Counting duplicates on bulk INSERT IGNORE / INSERT ... ON DUPLICATE KEY UPDATE

Discussion in 'MySQL' started by meloncreative, Dec 2, 2010.

  1. #1
    So I have a script that imports CSV's for contact lists into a table ( http://forums.digitalpoint.com/showthread.php?t=2012367 ) and to make it as efficient as possible it detects duplicates purely in SQL rather than relying on PHP and bloating the code.

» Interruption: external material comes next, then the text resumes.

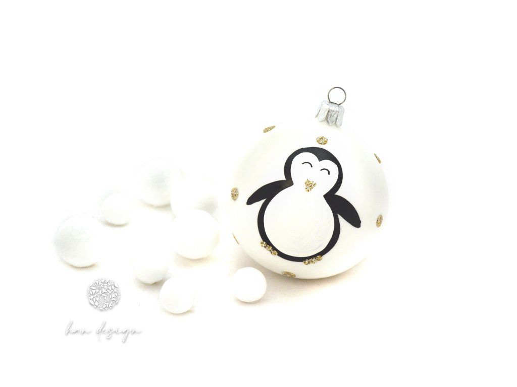 Vánoční skleněná ozdoba - koule dekorovaná - tučňák
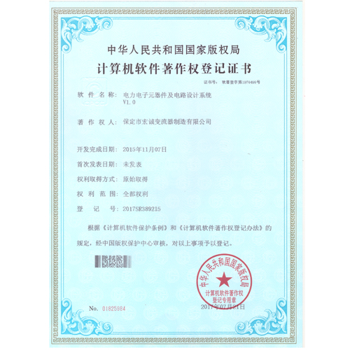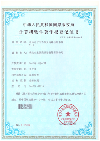 計(jì)算機(jī)軟件注冊(cè)權(quán)登記證書(shū)——電力電子元器件及電路設(shè)計(jì)系統(tǒng)V1.0

    The script can be set to either overwrite or ignore any duplicates, and I need to be able to count how many duplicates it found. Depending on which option is set for how to handle duplicates, the query looks like the follow. Note: These are bulk inserts where multiple rows are inserted in a single query. This example shows 5 CSV rows in the batch query, but this number is much higher on the live script

    INSERT IGNORE INTO contacts (site_id, c_registered, c_domain, c_subscribed, c_name, c_email) VALUES ('10', NOW(), 'domain.co.uk', '1', 'Chris', 'chris@domain.co.uk'), ('10', NOW(), 'domain.co.uk', '1', 'Cyn', 'cyn@domain.co.uk'), ('10', NOW(), 'domain.co.uk', '1', 'Chloe', 'chloe@domain.co.uk'), ('10', NOW(), 'domain.co.uk', '1', 'Jennie', 'jennie@domain.co.uk'), ('10', NOW(), 'domain.co.uk', '1', 'Steve', 'steve@domain.co.uk');
    Code (markup):
    INSERT INTO contacts (site_id, c_registered, c_domain, c_subscribed, c_name, c_email) VALUES ('10', NOW(), 'domain.co.uk', '1', 'Chris', 'chris@domain.co.uk'), ('10', NOW(), 'domain.co.uk', '1', 'Cyn', 'cyn@domain.co.uk'), ('10', NOW(), 'domain.co.uk', '1', 'Chloe', 'chloe@domain.co.uk'), ('10', NOW(), 'domain.co.uk', '1', 'Jennie', 'jennie@domain.co.uk'), ('10', NOW(), 'domain.co.uk', '1', 'Steve', 'steve@domain.co.uk') ON DUPLICATE KEY UPDATE c_name = VALUES(c_name);
    Code (markup):
    My problem is that I need somehow to be able to detect accurately how many duplicates there were mixed in with rows that weren't. Some people have suggested mysql_errno and mysql_affected_rows but these dont seem to work for the way I have implemented things

    Any ideas?
     
    meloncreative, Dec 2, 2010 IP
  2. koko5

    koko5 Active Member

    Messages:
    394
    Likes Received:
    14
    Best Answers:
    1
    Trophy Points:
    70
    #2
    You can create a temporary table with no unique keys in it, than insert csv (all records) into it. Now you can count duplicates by joining temporary and first table, than you can insert records gathering data from temporary table instead of csv.

    Regards :)
     
    koko5, Dec 2, 2010 IP
  3. sukosari

    sukosari Active Member

    Messages:
    63
    Likes Received:
    1
    Best Answers:
    0
    Trophy Points:
    93
    #3
    just copied to spreedsheet like ms.excel and sorted
     
    sukosari, Dec 3, 2010 IP
  4. Dwaighty

    Dwaighty Peon

    Messages:
    358
    Likes Received:
    10
    Best Answers:
    0
    Trophy Points:
    0
    #4
    Add a field `counter` to the table and use the on duplicate key update clause as follows:

    INSERT INTO contacts (site_id, c_registered, c_domain, c_subscribed, c_name, c_email) VALUES ('10', NOW(), 'domain.co.uk', '1', 'Chris', 'chris@domain.co.uk'), ('10', NOW(), 'domain.co.uk', '1', 'Cyn', 'cyn@domain.co.uk'), ('10', NOW(), 'domain.co.uk', '1', 'Chloe', 'chloe@domain.co.uk'), ('10', NOW(), 'domain.co.uk', '1', 'Jennie', 'jennie@domain.co.uk'), ('10', NOW(), 'domain.co.uk', '1', 'Steve', 'steve@domain.co.uk') ON DUPLICATE KEY UPDATE c_name = VALUES(c_name), `counter` = `counter` + 1;
     
    Dwaighty, Dec 6, 2010 IP